Member of the U.S. House of Representatives from Oklahoma
- In office November 16, 1907 – March 3, 1927
- Preceded by: Constituency established
- Succeeded by: Wilburn Cartwright
- Constituency: 4th district (1907–1915) 3rd district (1915–1927)

Personal details
- Born: Charles David Carter August 16, 1868 Boggy Depot, Indian Territory, U.S. (now Oklahoma)
- Died: April 9, 1929 (aged 60) Ardmore, Oklahoma, U.S.
- Citizenship: American Chickasaw Nation
- Party: Democratic
- Spouse(s): Ada Wilson Cecile Whittington Jones
- Children: 4

= Charles D. Carter =

American politician (1868–1929)

Charles David Carter (August 16, 1868 – April 9, 1929) was an American politician who served in the United States House of Representatives from Oklahoma's 4th and 3rd congressional districts from 1907 to 1927. He was appointed by President William McKinley as Mining Trustee for Indian Territory, which he served as from 1900 to 1904.

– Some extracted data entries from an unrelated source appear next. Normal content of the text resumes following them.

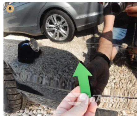
⚠ Húzásnyom a hátsó lökhárítón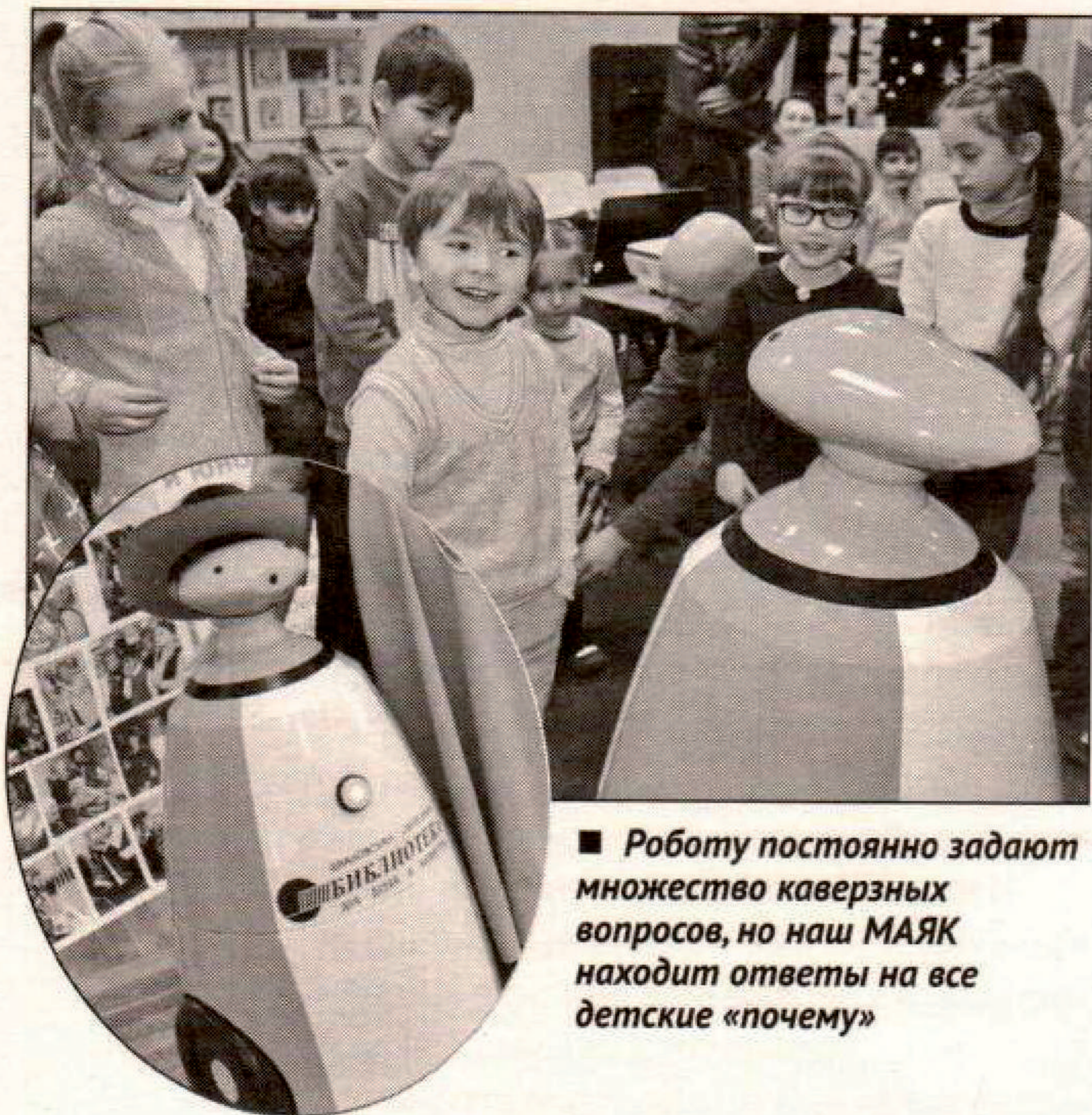
■ Роботу постоянно задают множество каверзных вопросов, но наш МАЯК находит ответы на все детские «почему»

Победы», «Ивановцы — творцы Победы», «Танки Победы», «Самолёты Победы», «Флот Победы» украшены рисунками юных энтузиастов и профессиональных художников. Письма и информационные листы оформлены так, будто присланы с фронта. Читать и перелистывать эту книгу хочется снова и снова. Память о Великой Победе продолжает жить!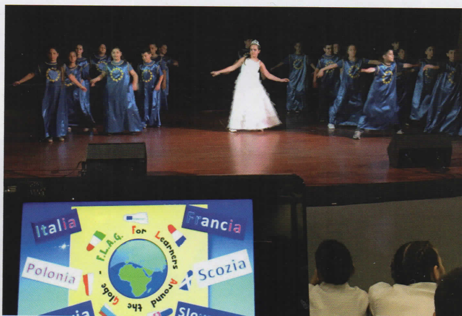
Coreografia: l'Europa siamo noi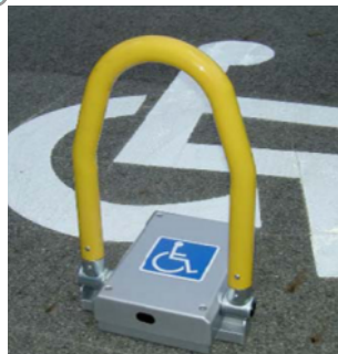
置き型の車止めゲート本体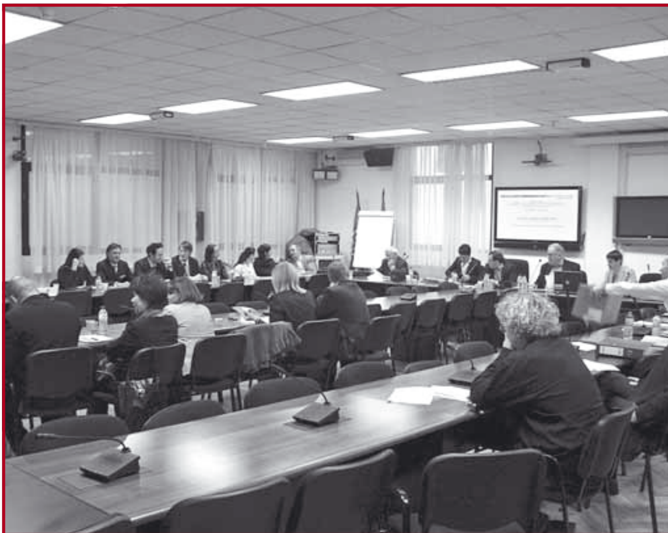
Са завршног Темпус састанка

Завршни Темпус састанак одржан је 13. и 14. новембра 2008. године. Састанку су присуствовали

Carter was active in the Chickasaw Nation and served as its auditor, on the Chickasaw Council, and as superintendent of Chickasaw Schools.

==Early life==
Charles David Carter was born near Boggy Depot, Choctaw Nation, Indian Territory (now Oklahoma), Carter moved with his father to Mill Creek, a stage stand on the western frontier of the Chickasaw Nation, in April 1876. Carter was of Chickasaw and Cherokee descent. He attended the Indian day schools and Chickasaw Manual Training Academy at Tishomingo.

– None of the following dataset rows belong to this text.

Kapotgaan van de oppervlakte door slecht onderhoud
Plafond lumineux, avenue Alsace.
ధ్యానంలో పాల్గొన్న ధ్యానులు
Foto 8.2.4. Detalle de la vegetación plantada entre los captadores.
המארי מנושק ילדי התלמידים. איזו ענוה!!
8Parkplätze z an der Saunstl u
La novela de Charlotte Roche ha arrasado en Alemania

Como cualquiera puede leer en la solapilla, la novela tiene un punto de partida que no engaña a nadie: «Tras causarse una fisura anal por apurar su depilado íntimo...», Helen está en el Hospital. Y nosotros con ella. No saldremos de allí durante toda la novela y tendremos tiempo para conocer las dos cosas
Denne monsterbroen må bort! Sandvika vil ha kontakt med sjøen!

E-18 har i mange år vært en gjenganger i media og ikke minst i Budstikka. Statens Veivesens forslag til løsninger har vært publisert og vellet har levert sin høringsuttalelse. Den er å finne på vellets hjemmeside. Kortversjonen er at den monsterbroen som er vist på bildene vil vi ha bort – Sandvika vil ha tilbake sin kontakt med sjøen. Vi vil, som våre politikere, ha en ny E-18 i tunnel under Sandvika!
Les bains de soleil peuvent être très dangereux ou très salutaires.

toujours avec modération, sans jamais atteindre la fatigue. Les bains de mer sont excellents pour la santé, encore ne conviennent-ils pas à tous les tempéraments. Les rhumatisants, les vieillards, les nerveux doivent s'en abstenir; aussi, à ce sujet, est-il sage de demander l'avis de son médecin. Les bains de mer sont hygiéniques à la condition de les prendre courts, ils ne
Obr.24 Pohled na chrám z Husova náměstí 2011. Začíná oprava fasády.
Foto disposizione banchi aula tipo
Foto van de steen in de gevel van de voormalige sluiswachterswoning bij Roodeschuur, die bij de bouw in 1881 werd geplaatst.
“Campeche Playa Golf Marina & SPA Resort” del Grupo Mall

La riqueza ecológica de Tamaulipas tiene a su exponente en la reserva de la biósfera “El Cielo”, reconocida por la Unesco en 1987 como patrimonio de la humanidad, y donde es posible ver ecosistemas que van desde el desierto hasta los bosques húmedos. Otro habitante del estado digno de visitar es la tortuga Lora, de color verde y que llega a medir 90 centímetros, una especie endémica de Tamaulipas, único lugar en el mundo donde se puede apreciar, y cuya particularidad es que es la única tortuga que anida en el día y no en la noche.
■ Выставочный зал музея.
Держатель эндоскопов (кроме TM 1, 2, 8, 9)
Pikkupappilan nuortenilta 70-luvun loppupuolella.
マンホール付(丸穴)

Carter was employed on a ranch from 1887 to 1889 and in a mercantile establishment in Ardmore, Oklahoma, from 1889 to 1892. He married Ada Gertrude Wilson on December 29, 1891 and they had four children, Stella LeFlore, Italy Cecil, Julia Josephine, and Benjamin Wisnor Carter, Jr. After Ada's death on January 30, 1901, he married Cecile Whittington Jones on January 8, 1911.

==Public service==
Carter served as auditor of public accounts of the Chickasaw Nation from 1892 to 1894, a member of the Chickasaw Council in 1895, then superintendent of schools of the Chickasaw Nation in 1897. He was appointed mining trustee of Indian Territory by President William McKinley in November 1900 and served four years.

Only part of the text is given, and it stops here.